No, I didn't. The OP did. I was just checking out what they asserted without
evidence.

------
stcredzero
_As politicians have become more polarized, we have increasingly allowed
ourselves to be used by demagogues on both sides of the aisle, amplifying
their insults instead of exposing their motivations. Again and again, we have
escalated the conflict and snuffed the complexity out of the conversation._

Why? Because it generates views. Because outrage is the easiest way to make
something go viral.

[https://www.youtube.com/watch?v=rE3j_RHkqJc](https://www.youtube.com/watch?v=rE3j_RHkqJc)

Politicians of a certain bent encourage this behavior as well, because it's
the perfect way of cementing a highly loyal "base." This happens more at the
farther ends of the political spectrum, both on the left and on the right.

[https://www.youtube.com/watch?v=deg1wmYjwtk](https://www.youtube.com/watch?v=deg1wmYjwtk)

------
mcprwklzpq
I took this notes.

Journalist Amanda Ripley says that "Complexity is contagious" and that
"Complicating the narrative means finding and including the details that don’t
fit the [binary] narrative — on purpose."
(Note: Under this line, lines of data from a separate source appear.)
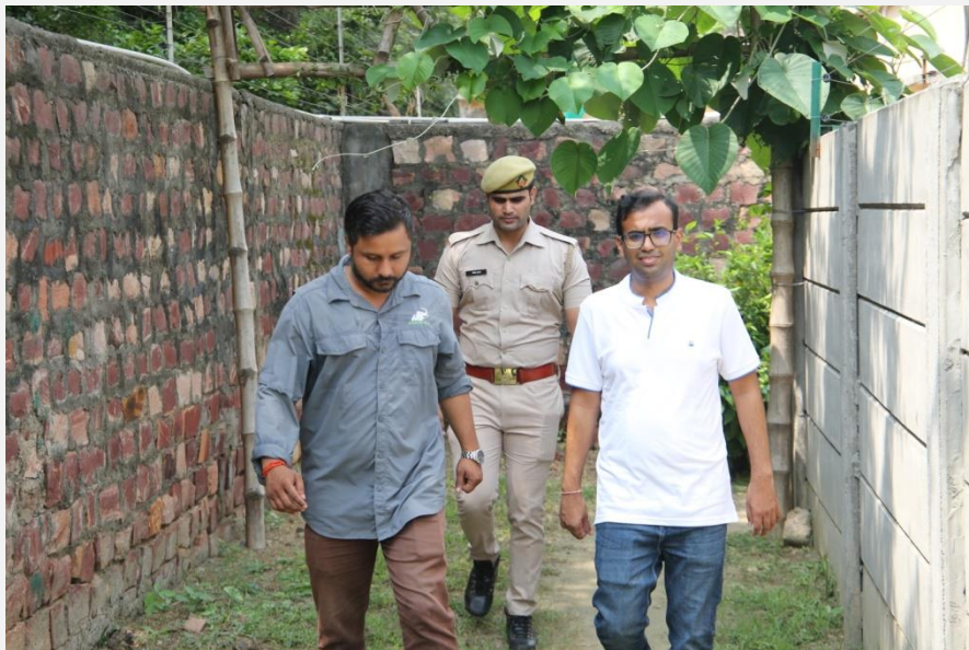
Honourable District Magistrate Etah
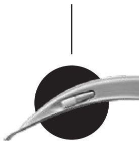
Brightest LED laryngoscope in the market
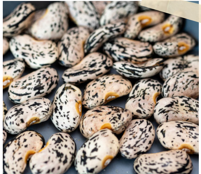
CLIMBING FRENCH BEAN 'BREJO' FROM THE HERITAGE SEED LIBRARY

Alongside this, controls were in place to reduce operational spend in other areas, for example in
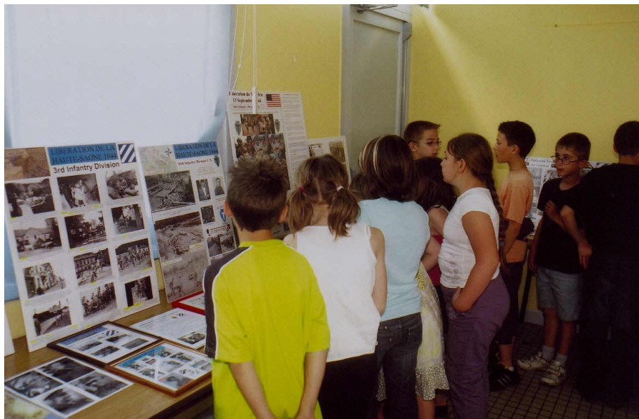
School of Roye, May 2008
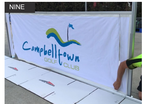
NINE Bottom of Half Wall. Insert the Half Wall Keda into the Support Bar and slide fabric along Bar.
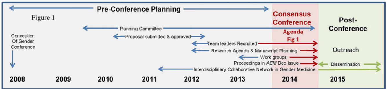
Figure 1. Timeline for the 2014 AEM consensus conference: planning, execution and dissemination.

So in some study participants talk about polarizing issue. Before talking they
read one article about it.

If article is similar to news article with 2 sides to the story, participants
take sides, argue and leave with negative impression that conversation is
meaningless.

If article is similar to anthropologist’s field notes, with emphasis on
complexity of the issue and without binary division, then participants “don’t
solve the debate” but "do have a more nuanced understanding and more
willingness to continue the conversation" researcher and social psychologist
Peter T. Coleman says.

Then in a long case study of some american talk show some specialists propose
general questions to bring more nuance to conversations.

What divides us?

What is oversimplified about this issue?

How has this conflict affected your life?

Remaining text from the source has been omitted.